Nota di lettura a "Dissociazione elementare" di Silvia Gelosi
Silvia Gelosi arriva in libreria con la raccolta d'esordio Dissociazione elementare edita per i tipi di Arpelago Itaca (2022), 93 pagg. L'introduzione all'opera è affidata a Gian Mario Villalta che subito instrada il lettore sul sentiero della decodifica del titolo attraverso l'osservazione della forma grafica, della distribuzione dei versi sulla pagina; scrive: «si alterna qui un dire tra parentesi quadre, giustificato a destra, quasi inabissato in una dimensione più interiore, a un più aperto e tradizionale esprimere in versi la propria condizione. Un dentro e un fuori». Dissociazione vuol dire "separazione" e Silvia Gelosi sembra disunire un io da sé stessa, lo fa ponendo in un dialogo pirandelliano le due figure che sono generate da comune matrice. Gelosi definisce il libro come un «quaderno di appunti di guerra», una «maglia sfatta» senza più orlo. Il vocabolo dissociazione è accompagnato dall'aggettivo elementare che potrebbe stare a indicare l'assoluta semplicità della separazione dell'io, il semplificarsi nelle difficoltà della vita per cercare di non soccombere, e al tempo stesso l'inevitabilità della sua assenza, elementare come caratteristica propria delle presenze essenziali al proseguimento di qualsiasi esistenza. Dissociazione è anche specchio, ambivalenza, luce e buio, corsa e rallentamento, traguardo e errore. Sembra che la poetessa si riconosca negli avanzi, nei ritagli, nei cocci, nelle soluzioni, appunto, piccole, nelle apparizioni elementari di un percorso faticoso, di una vita che cambia forma per urto e distruzione. Leggendo rimane la sensazione che abbia attraversato i dolori con le sue complicanze malgrado sé stessa, insomma non proprio per scelta e l'unico modo possibile alla vita è stato rimanere, poi attraversare. È evidente una disgiunzione tra ciò che si era e ciò che si è, il prima viene cancellato dall'arrivo di altri elementi che siano persone o avvenimenti, Gelosi scrive: «la sagoma bucata al centro / per vedermi cancellata / lentamente [e] sul bordo / tutto il peso del silenzio». Buio e silenzio sono certamente i leitmotiv dell'intero libro. E ancora: «Non si torna mai allo stesso modo, non mi vedo più / nel riflesso, non mi riconosco neanche nelle foto. / Mi dico guarda, non si vede niente dentro agli occhi vero?». Non esiste verità alla fine di tutti i versi, non una a portata di mano ma quella che si assorbe lentamente, che crea uno spazio di senso, una realtà possibile.
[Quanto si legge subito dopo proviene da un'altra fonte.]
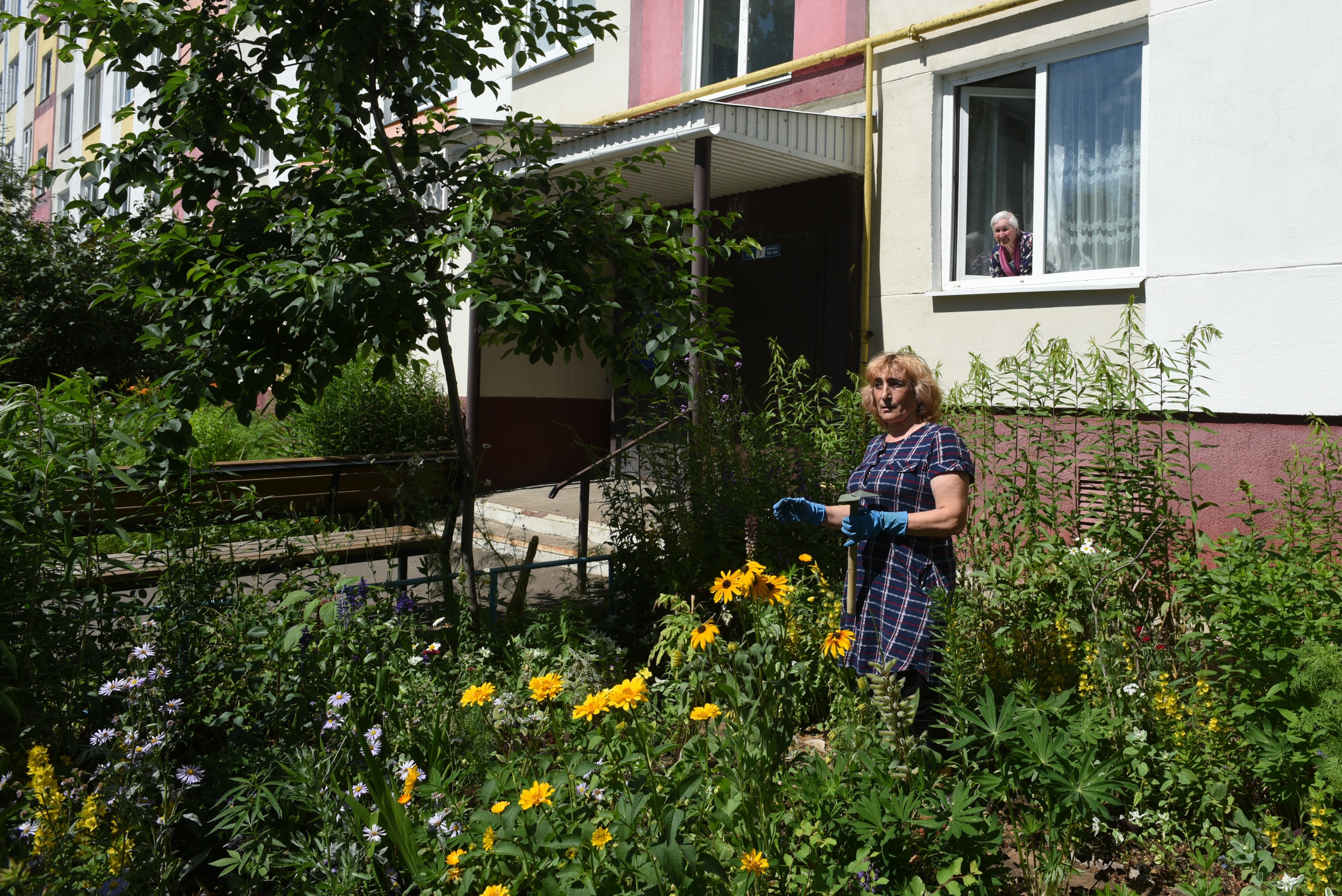 После проведенного ремонта одна из жительниц дома 2/3 Нина Васильевна обустроила палисадник у дома, ранее тут была бетонная площадка. Ее идею поддержали соседи. «Это труд всех соседей: кто-то сажал цветы, кто-то поливал, кто-то давал семена. Вот так получился палисадник. Цветы всех радуют под окнами. Вообще, теперь все нравится во дворе».

Guardo lo spigolo vivo dell’ombra
taglia il muro nero a parete di passi di altri,
l’aria netta conta gli ultimi spazi chiari
è dicembre ogni volta e fisso lo sguardo verso est,
il peso è una coperta bagnata addosso.
Siamo solo più stanchi eppure
aspettiamo un giro d’estate senza il ritorno
senza quel rigo ingrato d’errore
che torni a salvarci.
*
Si sfilacciano le nuvole di settembre.
Raccatto le frane della memoria i fili intrecciati
l’inconsistenza delle cose, adesso.
È ancora presto per le foglie, misuro
il silenzio tra le parole allora, il buio intorno
non custodisce, c’è rumore qui nel pozzo.
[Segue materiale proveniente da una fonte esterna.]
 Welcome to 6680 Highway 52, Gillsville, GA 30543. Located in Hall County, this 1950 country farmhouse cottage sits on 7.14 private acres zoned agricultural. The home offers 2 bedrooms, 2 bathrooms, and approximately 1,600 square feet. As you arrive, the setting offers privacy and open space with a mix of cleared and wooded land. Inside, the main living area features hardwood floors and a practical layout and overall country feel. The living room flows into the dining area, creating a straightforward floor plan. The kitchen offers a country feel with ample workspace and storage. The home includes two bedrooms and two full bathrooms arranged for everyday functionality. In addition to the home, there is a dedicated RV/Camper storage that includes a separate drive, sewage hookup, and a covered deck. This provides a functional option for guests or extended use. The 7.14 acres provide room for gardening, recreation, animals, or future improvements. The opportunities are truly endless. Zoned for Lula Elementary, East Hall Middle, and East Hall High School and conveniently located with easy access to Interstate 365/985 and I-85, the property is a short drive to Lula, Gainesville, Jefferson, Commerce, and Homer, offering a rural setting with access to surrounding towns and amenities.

Dal bordo nessuno che s’affacci, solo
un cerchio azzurro – le pareti lisce –
e un disarmo che mi piove.
*
Ecco adesso lo so, mi abita un grido, l’urlo
che vibra ogni giorno mentre copro la pelle dalle scuse.
Rovescia il presente mi dici ed è un crollo,
le ombre vive mi camminano dentro
mi tengo muta, sempre un passo indietro
un intralcio che torna utile io, dove
si sono fatti spazio, gli altri.
Divento resistenza, una rimanenza
la fatica e quel che resta come figli d’altri
per giunta, una coppia di contrari
come il sale con lo zucchero nello stesso impasto.
*
È tornato il grigio, l’assenza bianca dal vetro
della finestra, resistono le foglie sugli alberi, le querce
piene a braccia aperte. Io ho le mani fredde, la luce
spenta e il solito disordine nelle stanze. Il confine
ha cambiato verso, tutto il cielo somiglia alla caduta
alla fatica, allo schiocco delle ore lunghe.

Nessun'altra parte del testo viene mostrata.